- **What is required**:
Copy out the lines beginning at the one with "Den giver et" and ending at the last line of the data, both included; pictures stay out.

- **Recorded information**:
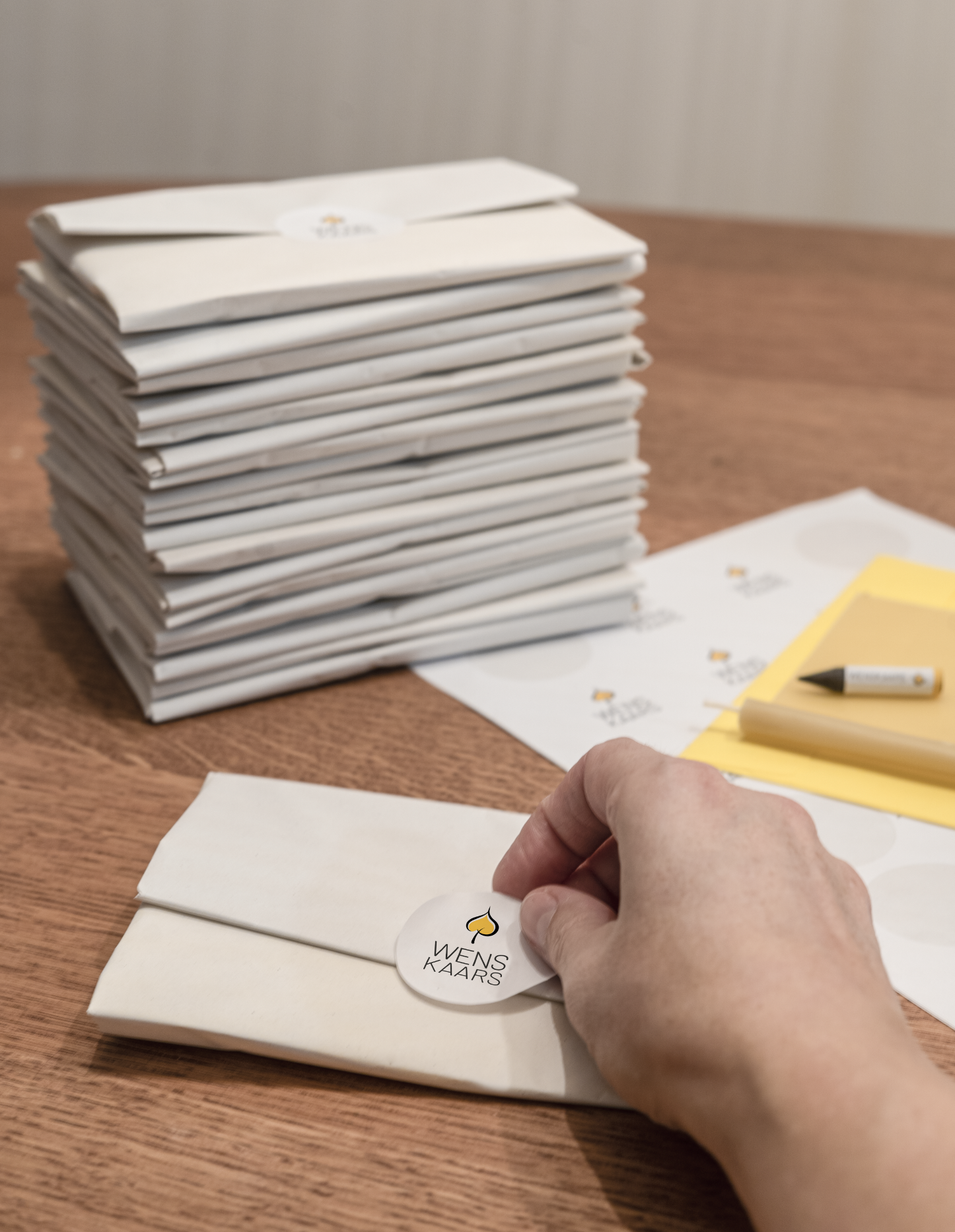 Soms zegt een kaartje gewoon niet genoeg. Voor dat soort blije of troostende momenten heb ik de Wenskaars bedacht: een originele verjaardagskaart en een hartverwarmende knuffel in één. Je kunt er iets opschrijven met het speciale krijtje, oprollen en aansteken. Ook opsturen kan, een envelop wordt bijgeleverd. Leuk als originele kerst- of verjaardagskaart maar bijvoorbeeld ook bijzonder bij een uitvaart, waar de aanwezigen een mooie herinnering kunnen aansteken. Dit product maak ik in eigen keuken van Hollandse bijenwas. Ook het krijtje maak ik zelf. Een compleet, duurzaam product gemaakt van natuurlijke materialen. Mede mogelijk gemaakt door de blije bijen van de Veluwe.
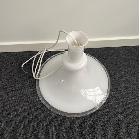 Den giver et fantastisk hyggeligt lys både nedad, og også gennem det flotte mørke glas hvis man anvender en klar pære.
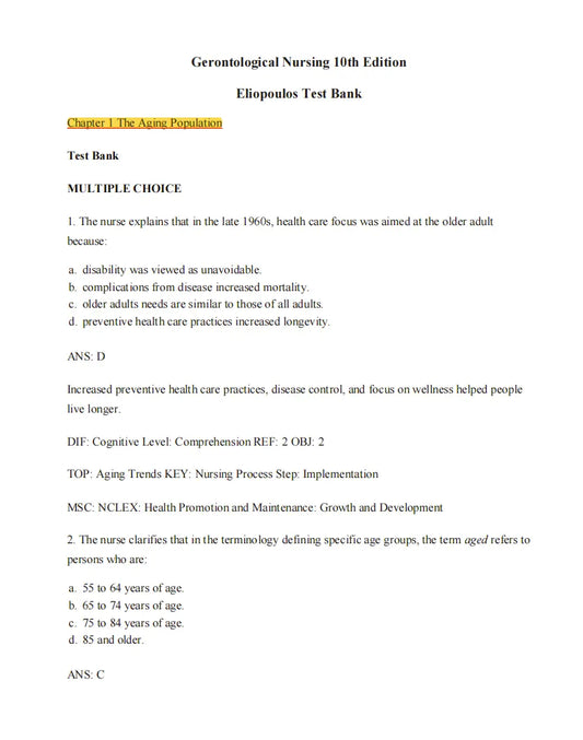 Test Bank Gerontological Nursing 10th Edition by Charlotte Eliopoulos
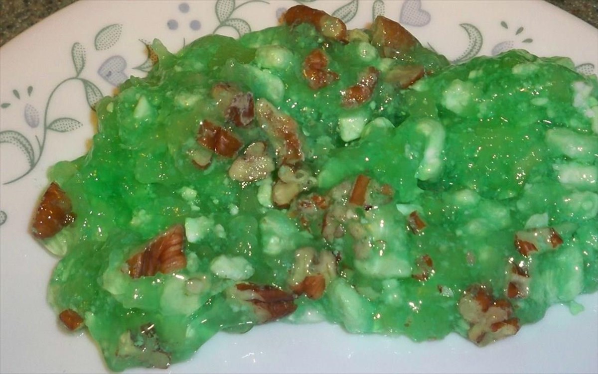 Συνδυασμός που… σκοτώνει, η σαλάτα αυτή αποτελείται από ζελέ lime, αναμεμειγμένο με ξίδι, κρεμμύδι, τυρί κότατζ και μαγιονέζα, στο κέντρο της οποίας βρίσκουμε σαλάτα θαλασσινών, μοιάζοντας με πιάτο που έφτιαξε μικρό παιδί κι έβαλε μέσα ό,τι βρήκε μπροστά του.

- **Task solution**:
 Den giver et fantastisk hyggeligt lys både nedad, og også gennem det flotte mørke glas hvis man anvender en klar pære.
 Test Bank Gerontological Nursing 10th Edition by Charlotte Eliopoulos
 Συνδυασμός που… σκοτώνει, η σαλάτα αυτή αποτελείται από ζελέ lime, αναμεμειγμένο με ξίδι, κρεμμύδι, τυρί κότατζ και μαγιονέζα, στο κέντρο της οποίας βρίσκουμε σαλάτα θαλασσινών, μοιάζοντας με πιάτο που έφτιαξε μικρό παιδί κι έβαλε μέσα ό,τι βρήκε μπροστά του.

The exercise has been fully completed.